┌────────

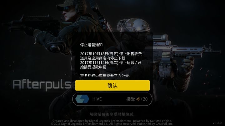 新版的电磁风暴已经出来了,而且右下角的GAMEVIL标志已经没有了,GAMEVIL只是游戏的发行商而已,游戏的制作商是Digital Legends这个工作室还出过一个叫Respawnablse的游戏,因为电磁风暴是晚出的所以和它的玩法很像,估计是和GAMEVIL的合约解除了,所以以后估计就不能用HIVE登录了,因为HIVE是GAMEVIL的东西,原厂运营,总该良心了吧
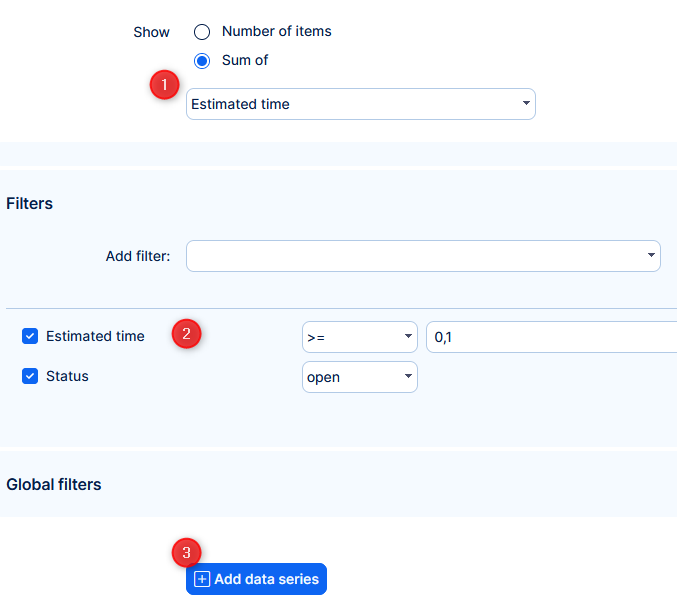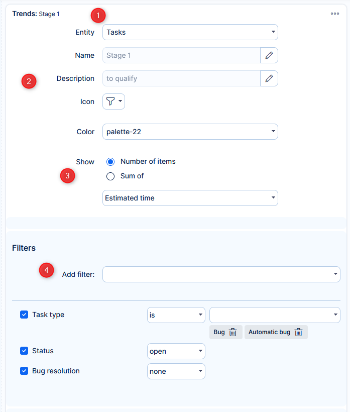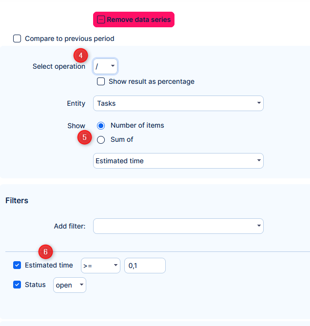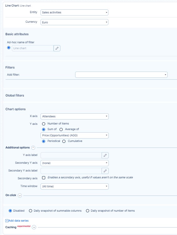 - Select which value will be on the chart. You can select the number of the entities but also sum or average of a numeric attribute of the entity.
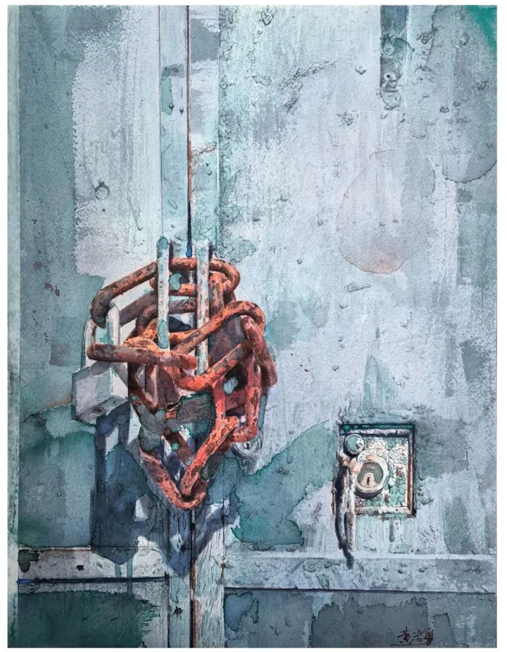 作品以旧门板与锈迹锁链为创作载体,用灰蓝底色晕染岁月的斑驳,以赭红锈迹凝固时光的痕迹。试图在褪色肌理与粗糙质感中,留存被日常忽略的岁月温度,借无声的视觉语言,让观者触摸到时光沉淀的厚重与温柔。
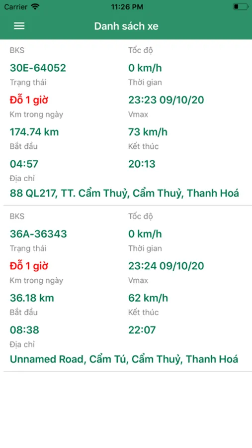 - Danh sách thiết bị với trạng thái và địa chỉ hiện tại
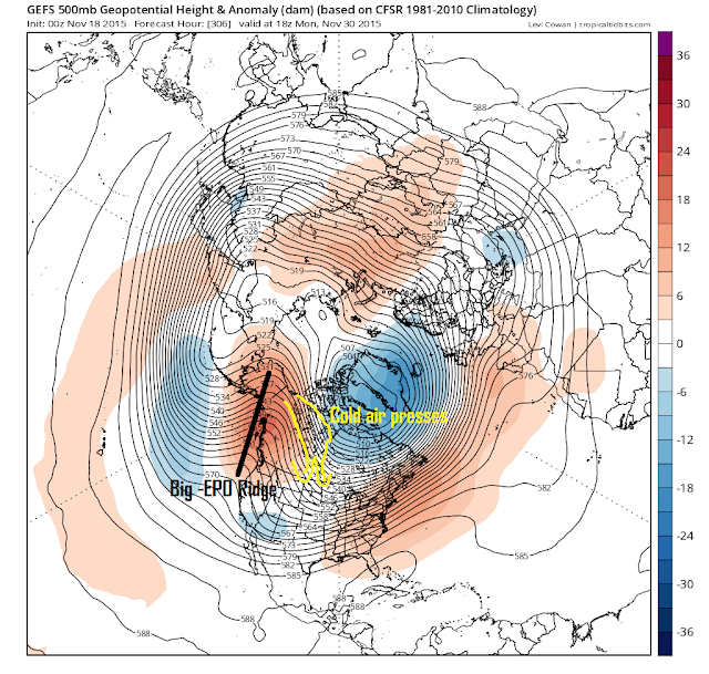 So what is my point here? My point is that the recent mild weather we have had does not concern me and I have the research I did on this winter to back it up. Of course I could be wrong and the whole winter could be mild, but that is not my forecast. I see no reason based on my observations to go back on any of my original winter ideas. I hope you guys can see how weather patterns do have to evolve sometimes and the images below hopefully show how this evolution CAN happen. It will not be exactly like this but I think the overall theme works out well.
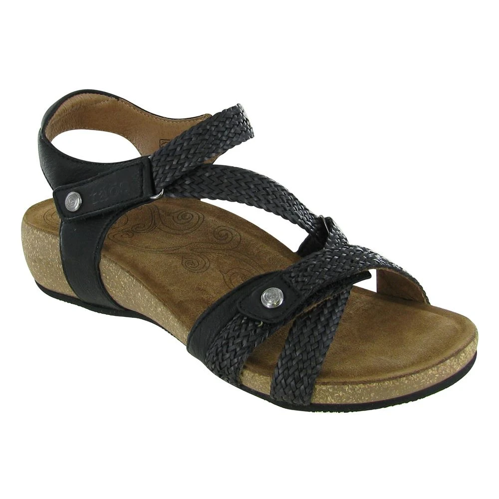 A super comfortable sandal from Taos, its woven strap designs are a great casual look for this Spring and Summer. It features two grip-straps for an custom adjustable fit, contoured cork footbed, and stylish detailing that makes this shoe, Trulie magnificent.

└────────

> **YOUR INSTRUCTIONS**: From the line containing "So what is my" to the last line of the listing above, transcribe each line exactly, skipping the pictures.

> **EXERCISE SOLUTION**:
 So what is my point here? My point is that the recent mild weather we have had does not concern me and I have the research I did on this winter to back it up. Of course I could be wrong and the whole winter could be mild, but that is not my forecast. I see no reason based on my observations to go back on any of my original winter ideas. I hope you guys can see how weather patterns do have to evolve sometimes and the images below hopefully show how this evolution CAN happen. It will not be exactly like this but I think the overall theme works out well.
 A super comfortable sandal from Taos, its woven strap designs are a great casual look for this Spring and Summer. It features two grip-straps for an custom adjustable fit, contoured cork footbed, and stylish detailing that makes this shoe, Trulie magnificent.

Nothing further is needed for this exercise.